▶ Exercise data
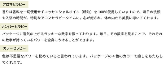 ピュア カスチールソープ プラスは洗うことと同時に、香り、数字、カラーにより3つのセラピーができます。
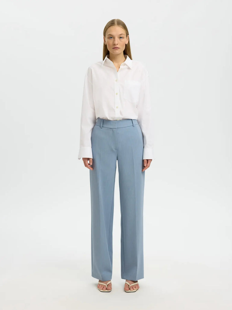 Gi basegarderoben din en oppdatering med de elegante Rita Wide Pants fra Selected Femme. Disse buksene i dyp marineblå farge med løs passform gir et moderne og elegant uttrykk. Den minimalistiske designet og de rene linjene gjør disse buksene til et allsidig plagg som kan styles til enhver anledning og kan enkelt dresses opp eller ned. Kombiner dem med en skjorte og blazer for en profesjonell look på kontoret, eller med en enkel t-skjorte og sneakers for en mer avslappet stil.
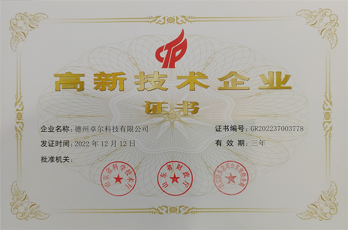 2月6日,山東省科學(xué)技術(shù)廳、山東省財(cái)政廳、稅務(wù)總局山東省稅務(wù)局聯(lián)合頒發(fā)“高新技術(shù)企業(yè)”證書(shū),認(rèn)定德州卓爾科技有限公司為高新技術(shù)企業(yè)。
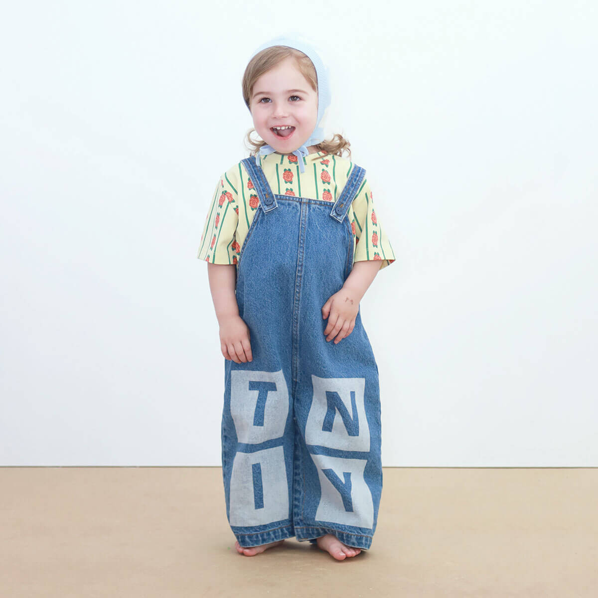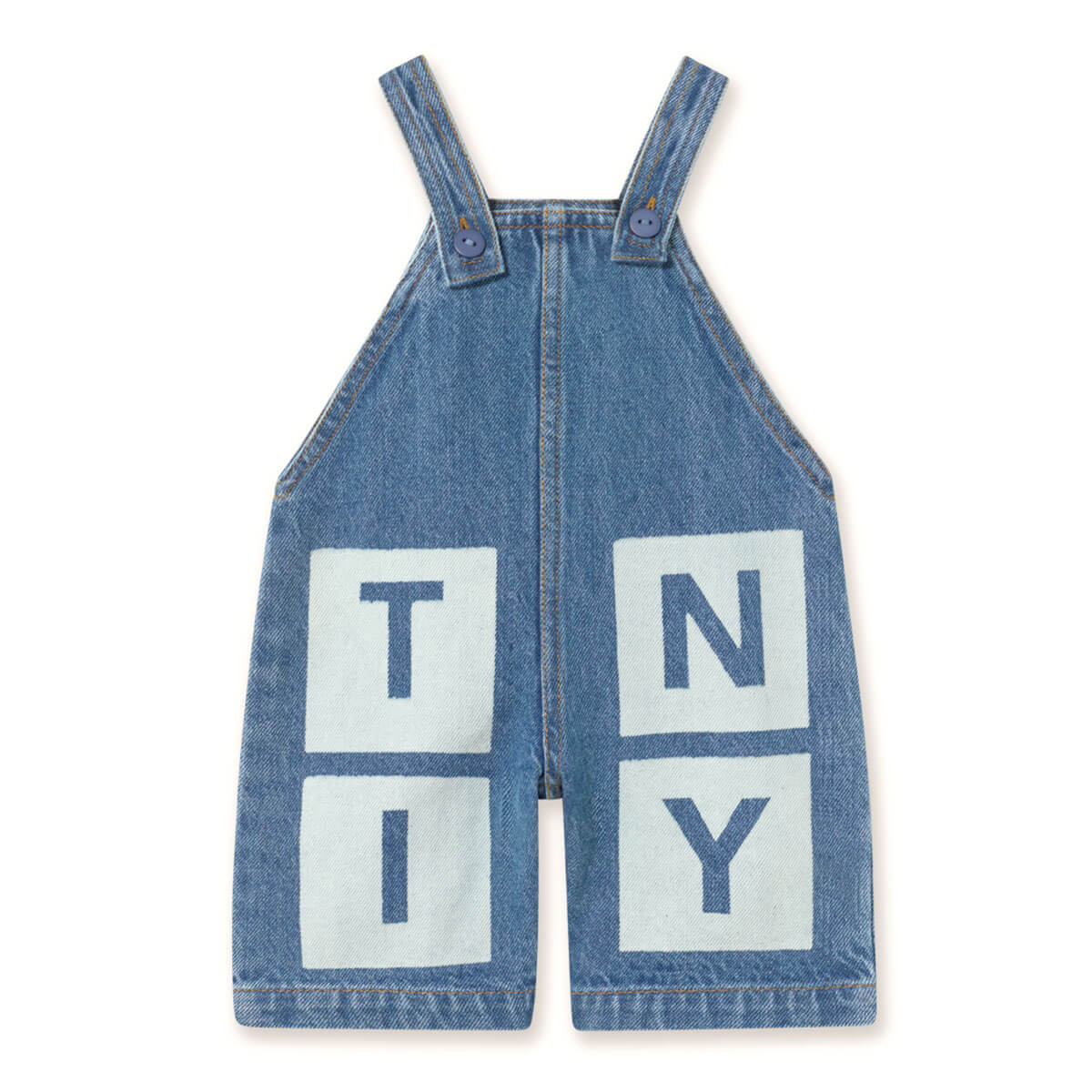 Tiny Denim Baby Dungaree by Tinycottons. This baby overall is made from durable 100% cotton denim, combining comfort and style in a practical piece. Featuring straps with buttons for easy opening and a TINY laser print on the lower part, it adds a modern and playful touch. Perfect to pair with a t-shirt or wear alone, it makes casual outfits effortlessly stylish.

* * *

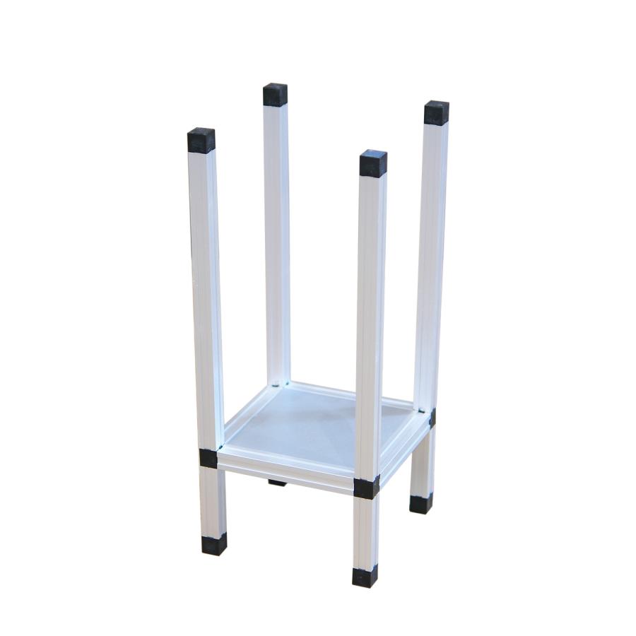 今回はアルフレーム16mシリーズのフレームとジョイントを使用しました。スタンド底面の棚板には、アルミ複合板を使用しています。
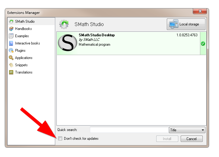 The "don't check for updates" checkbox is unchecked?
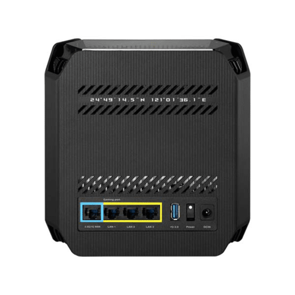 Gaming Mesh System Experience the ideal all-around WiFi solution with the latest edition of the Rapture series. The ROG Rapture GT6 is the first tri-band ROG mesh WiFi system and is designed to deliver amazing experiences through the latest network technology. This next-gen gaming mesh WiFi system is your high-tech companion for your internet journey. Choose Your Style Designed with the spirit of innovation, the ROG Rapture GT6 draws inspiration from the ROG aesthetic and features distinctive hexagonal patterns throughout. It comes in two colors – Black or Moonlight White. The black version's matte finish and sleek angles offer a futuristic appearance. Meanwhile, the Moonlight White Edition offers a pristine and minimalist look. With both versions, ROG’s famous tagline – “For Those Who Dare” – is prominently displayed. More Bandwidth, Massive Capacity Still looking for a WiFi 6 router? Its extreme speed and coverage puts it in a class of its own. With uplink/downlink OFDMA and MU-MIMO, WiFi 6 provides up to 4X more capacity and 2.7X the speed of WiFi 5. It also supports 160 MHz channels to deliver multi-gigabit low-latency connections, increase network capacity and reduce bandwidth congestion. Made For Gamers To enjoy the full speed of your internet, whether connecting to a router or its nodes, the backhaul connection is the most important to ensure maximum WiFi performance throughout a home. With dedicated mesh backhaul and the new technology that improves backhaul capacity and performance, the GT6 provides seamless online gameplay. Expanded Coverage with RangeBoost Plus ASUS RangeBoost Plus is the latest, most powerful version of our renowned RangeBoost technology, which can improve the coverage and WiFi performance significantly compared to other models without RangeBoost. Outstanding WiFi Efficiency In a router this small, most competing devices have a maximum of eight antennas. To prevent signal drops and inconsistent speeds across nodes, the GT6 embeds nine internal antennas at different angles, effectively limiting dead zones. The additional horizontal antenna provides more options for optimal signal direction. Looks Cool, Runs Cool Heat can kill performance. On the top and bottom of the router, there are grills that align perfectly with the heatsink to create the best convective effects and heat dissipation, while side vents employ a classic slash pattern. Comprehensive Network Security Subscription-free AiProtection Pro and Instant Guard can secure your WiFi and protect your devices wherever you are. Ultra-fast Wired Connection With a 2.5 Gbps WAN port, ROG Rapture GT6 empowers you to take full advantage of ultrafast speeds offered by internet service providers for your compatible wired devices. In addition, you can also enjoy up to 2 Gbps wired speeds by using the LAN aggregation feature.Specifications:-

---

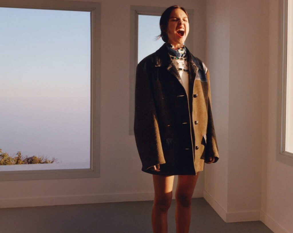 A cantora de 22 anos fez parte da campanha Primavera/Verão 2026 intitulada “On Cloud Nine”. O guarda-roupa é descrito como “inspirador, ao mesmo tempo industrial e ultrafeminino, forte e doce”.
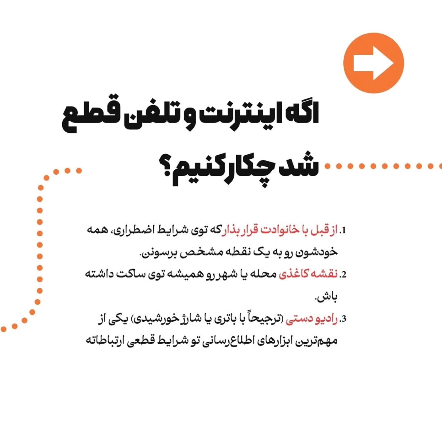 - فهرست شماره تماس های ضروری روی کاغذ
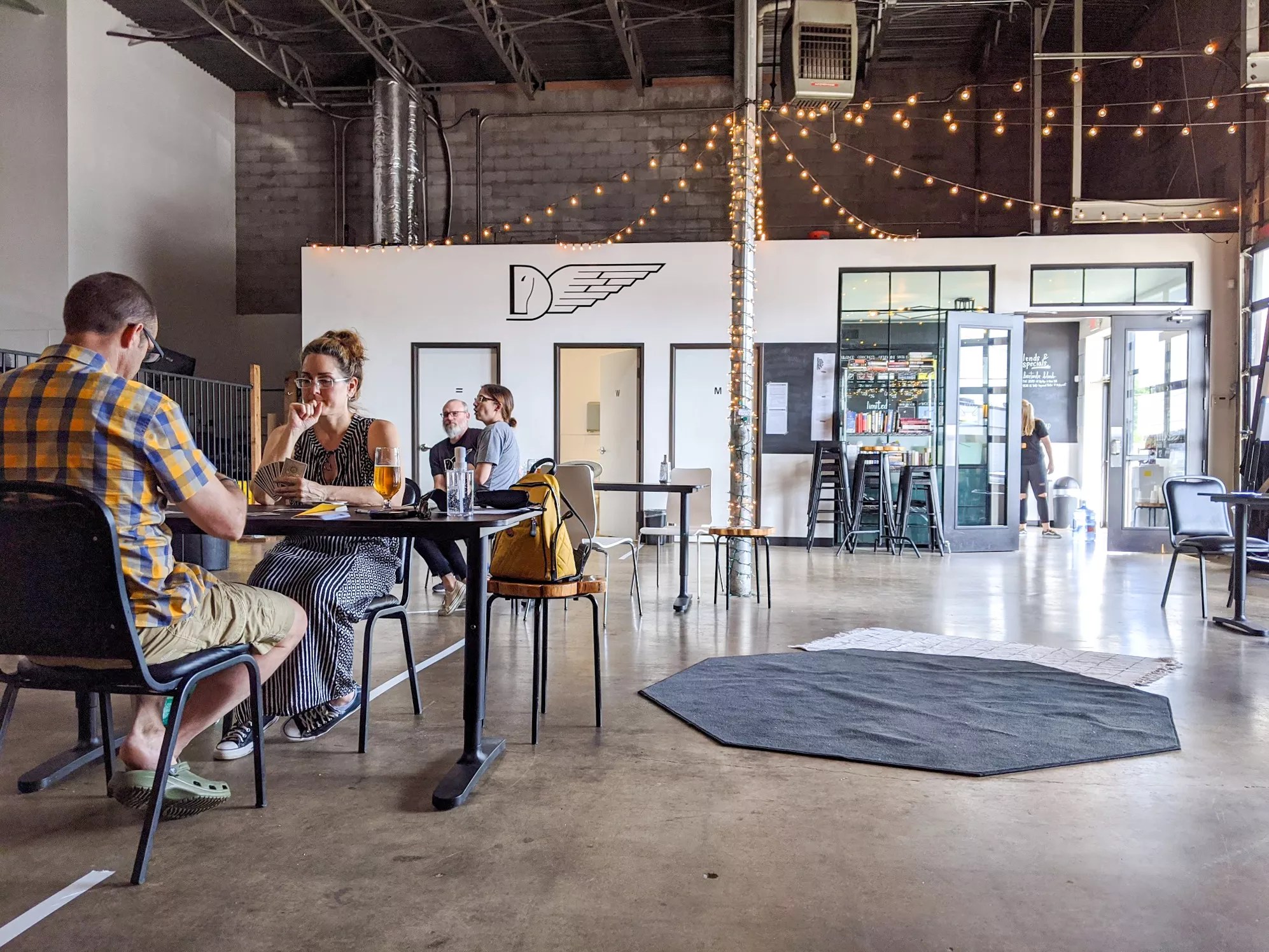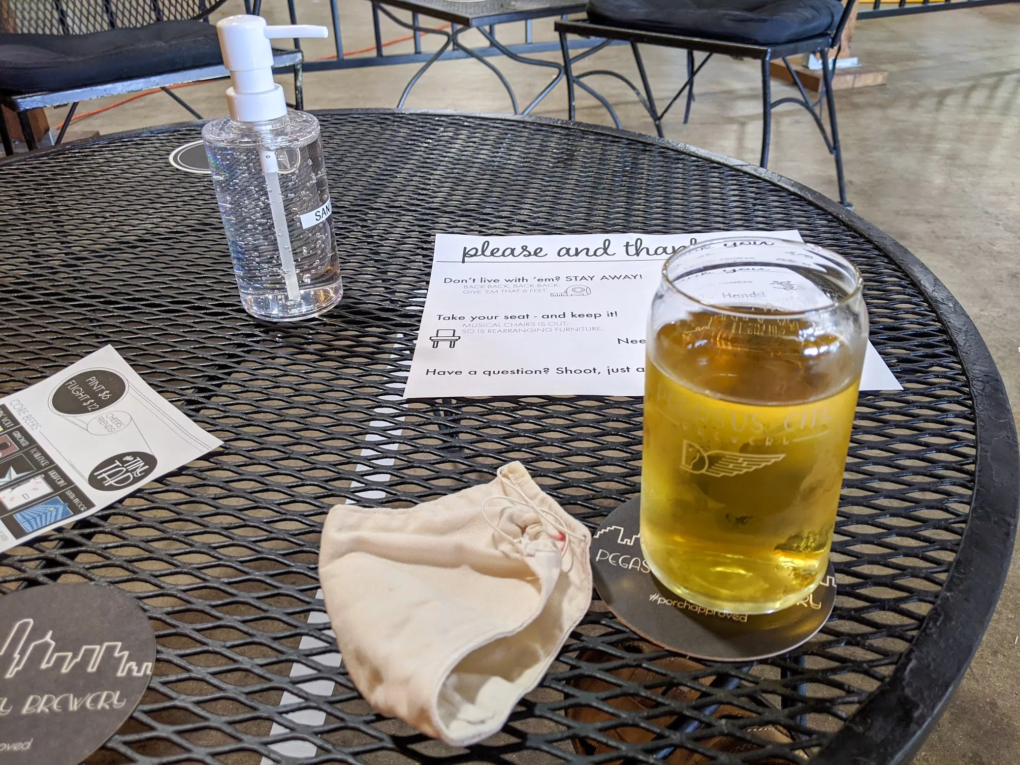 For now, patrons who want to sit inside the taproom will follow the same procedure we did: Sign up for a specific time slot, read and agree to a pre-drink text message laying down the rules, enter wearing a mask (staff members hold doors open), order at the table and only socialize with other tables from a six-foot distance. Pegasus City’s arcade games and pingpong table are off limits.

▶ Instructions for the task
Retype the lines above exactly as they appear, from the line containing "2月6日,山東省科學(xué" through the line containing "Tiny Denim Baby", and leave out any pictures.

▶ Result for this task
 2月6日,山東省科學(xué)技術(shù)廳、山東省財(cái)政廳、稅務(wù)總局山東省稅務(wù)局聯(lián)合頒發(fā)“高新技術(shù)企業(yè)”證書(shū),認(rèn)定德州卓爾科技有限公司為高新技術(shù)企業(yè)。
 Tiny Denim Baby Dungaree by Tinycottons. This baby overall is made from durable 100% cotton denim, combining comfort and style in a practical piece. Featuring straps with buttons for easy opening and a TINY laser print on the lower part, it adds a modern and playful touch. Perfect to pair with a t-shirt or wear alone, it makes casual outfits effortlessly stylish.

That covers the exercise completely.